Poland's inflation eased by more than expected in July as prices for food, fuel and clothing fell, raising pressure on the central bank to consider interest rate cuts sooner than in 2013. Statistics office data showed consumer inflation CPI eased to 4.0 percent year-on-year in July from 4.3 percent the previous month. Analysts had forecast price growth would slow to 4.2 percent.
The Polish zloty and bonds largely shrugged off the data, with two-year bonds, the most vulnerable to monetary policy, just a touch weaker following the release. Dealers and analysts said the lower figure, although theoretically supportive of lower interest rates in the future, may not be enough to persuade a majority of the ten-strong Monetary Policy Council (MPC) to cut rates any time soon.
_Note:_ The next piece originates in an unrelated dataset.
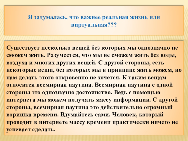 Я задумалась, что важнее реальная жизнь или виртуальная???

"The downward trend is an argument for thinking about interest rate cuts," said Piotr Kalisz, chief economist at Citibank Handlowy. "But taking into account the fact that inflation remains high, if there is a rate cut, it will not take place in September, but at the end of the year." Most analysts expect the MPC to start cutting rates to help the weakening economy in the first quarter of next year.
But many say the economy is deteriorating fast, and that the release of second-quarter gross domestic product data later this month should offer more clues as to the rate picture. The central bank predicts the economy will slow to 2.1 percent in 2013 after growing an impressive 4.3 percent last year, but Governor Marek Belka has already expressed concern about the country's growth prospects despite high inflation.
Price growth has been above the central bank's target of 2.5 percent level for most of the last five years despite a tight policy stance that even prompted a surprise rate hike in May. "The most important fact is that inflation is still at 4.0 percent, which should keep the MPC from moving into dovish rhetoric," said Marta Petka-Zagajewska, economist at Raiffeisen Bank.